▶ Task prompt
Restate the records in full and exactly, with no images included.

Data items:
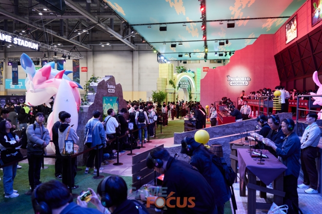 크래프톤이 13일 개막한 '지스타 2025'에 신작 '팰월드 모바일'의 시연 버전을 최초로 공개했다. 이날 크래프톤 부스에는 팰월드 모바일을 즐기기 위한 유저들이 몰려 최대 150분의 대기 시간이 발생하며 게임의 높은 관심을 입증했다.
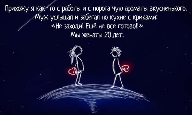 Сегодня, после того как мы 2 года прожили раздельно, мы с моей бывшей женой наконец-то утрясли наши разногласия и решили встретиться за ужином. Мы болтали и смеялись четыре часа напролет. А перед тем, как уходить, она отдала мне большой, пухлый конверт. В нем лежали 20 любовных посланий, которые она написала за эти два года. Конверт был подписан «Письма, которые я не отправила из-за своего упрямства».
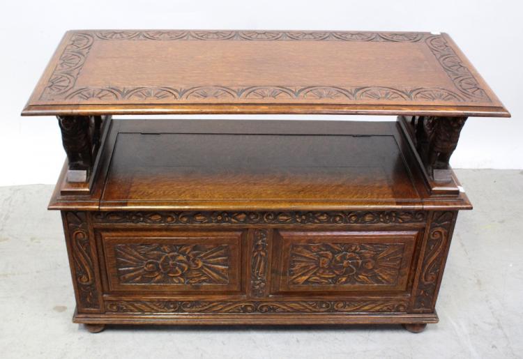 Lot 38 of 725: An early-to-mid 20th century oak monks' bench with carved back to carved lion arm rests above two foliate and floral carved panels to bun feet, length approx 102cm.
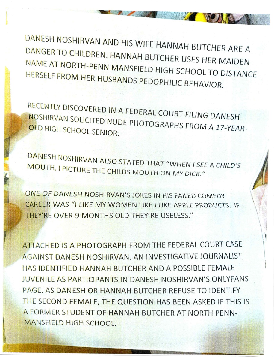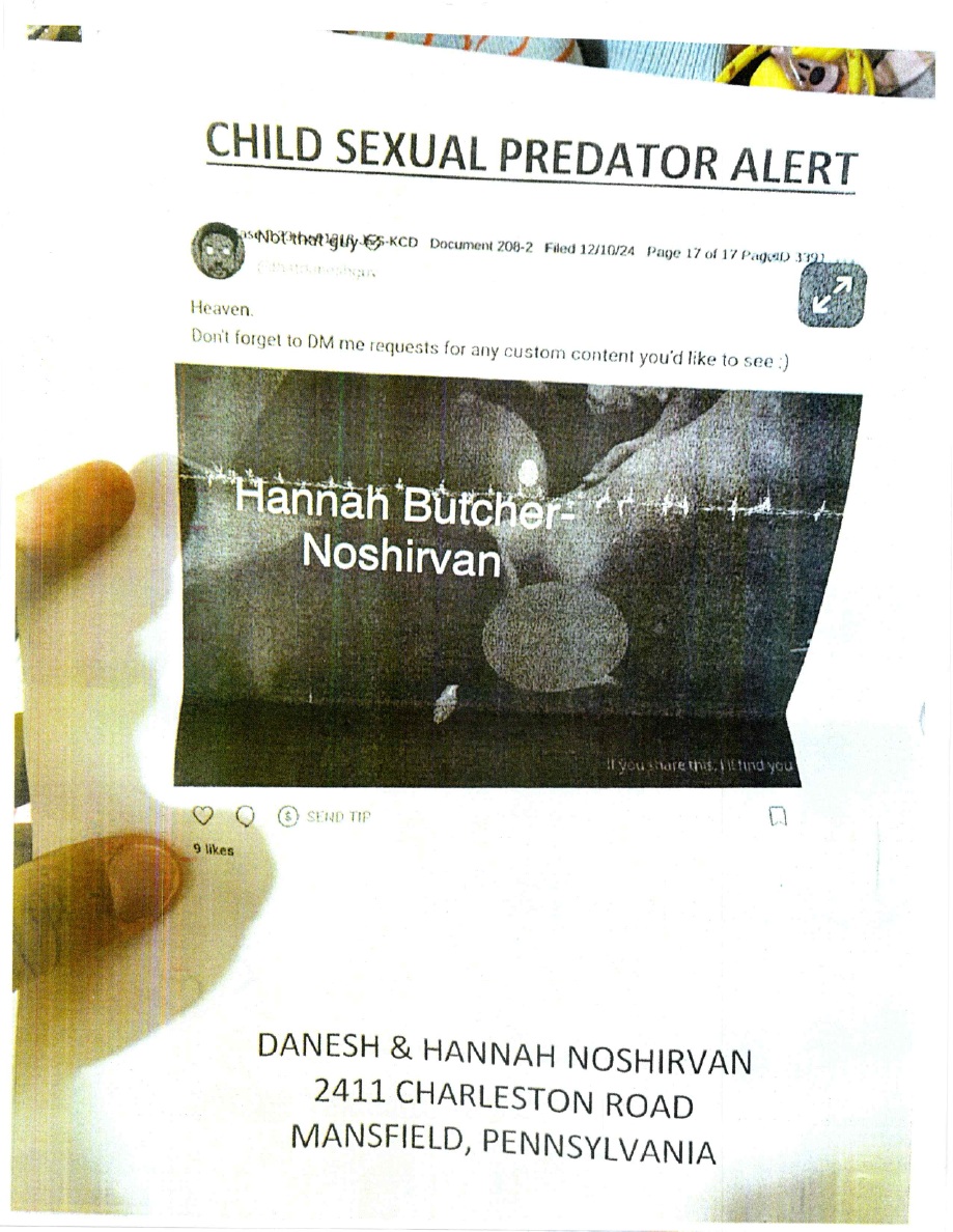 Noshirvan now claims, without corroboration, that flyers appeared in his neighborhood, that grotesque packages were mailed, that his wife’s workplace was attacked, and that Camp somehow encouraged self-harm—all allegations that remain anchored solely in Noshirvan’s ever-shifting narrative.
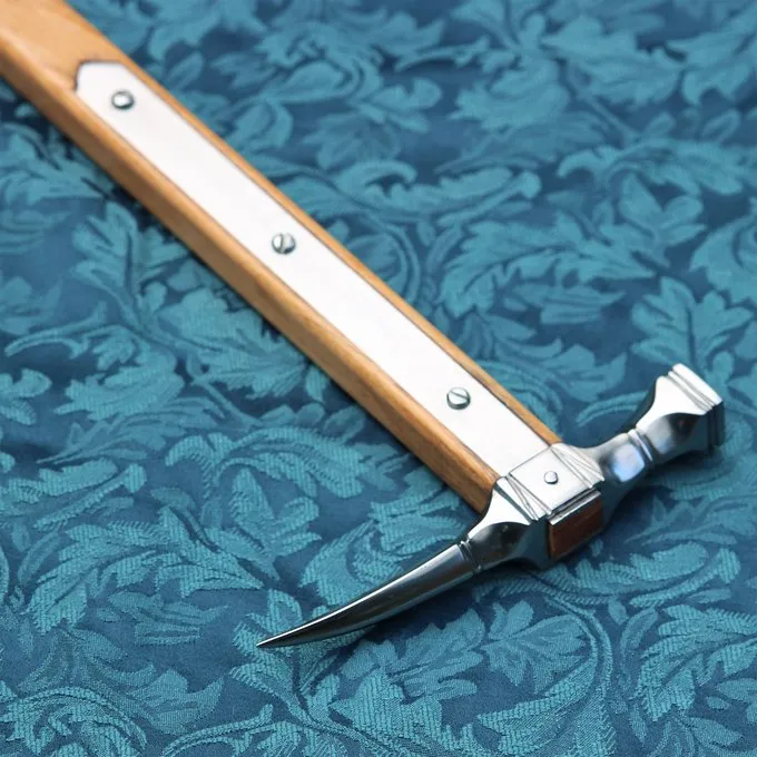 Materiale: 1065 kulstofstål, læder, træ / Tip: mellem semi-skarpe og stumpe. Let at sløve til reenactment brug / Længde: 63,2 cm / Længde hammerhaj: 16 cm / Greb længde: 23,3 cm / Balancepunkt: 21 cm under hammerhaj / Vægt: 742 g / Baseret på en historisk

▶ Exercise response
 크래프톤이 13일 개막한 '지스타 2025'에 신작 '팰월드 모바일'의 시연 버전을 최초로 공개했다. 이날 크래프톤 부스에는 팰월드 모바일을 즐기기 위한 유저들이 몰려 최대 150분의 대기 시간이 발생하며 게임의 높은 관심을 입증했다.
 Сегодня, после того как мы 2 года прожили раздельно, мы с моей бывшей женой наконец-то утрясли наши разногласия и решили встретиться за ужином. Мы болтали и смеялись четыре часа напролет. А перед тем, как уходить, она отдала мне большой, пухлый конверт. В нем лежали 20 любовных посланий, которые она написала за эти два года. Конверт был подписан «Письма, которые я не отправила из-за своего упрямства».
 Lot 38 of 725: An early-to-mid 20th century oak monks' bench with carved back to carved lion arm rests above two foliate and floral carved panels to bun feet, length approx 102cm.
 Noshirvan now claims, without corroboration, that flyers appeared in his neighborhood, that grotesque packages were mailed, that his wife’s workplace was attacked, and that Camp somehow encouraged self-harm—all allegations that remain anchored solely in Noshirvan’s ever-shifting narrative.
 Materiale: 1065 kulstofstål, læder, træ / Tip: mellem semi-skarpe og stumpe. Let at sløve til reenactment brug / Længde: 63,2 cm / Længde hammerhaj: 16 cm / Greb længde: 23,3 cm / Balancepunkt: 21 cm under hammerhaj / Vægt: 742 g / Baseret på en historisk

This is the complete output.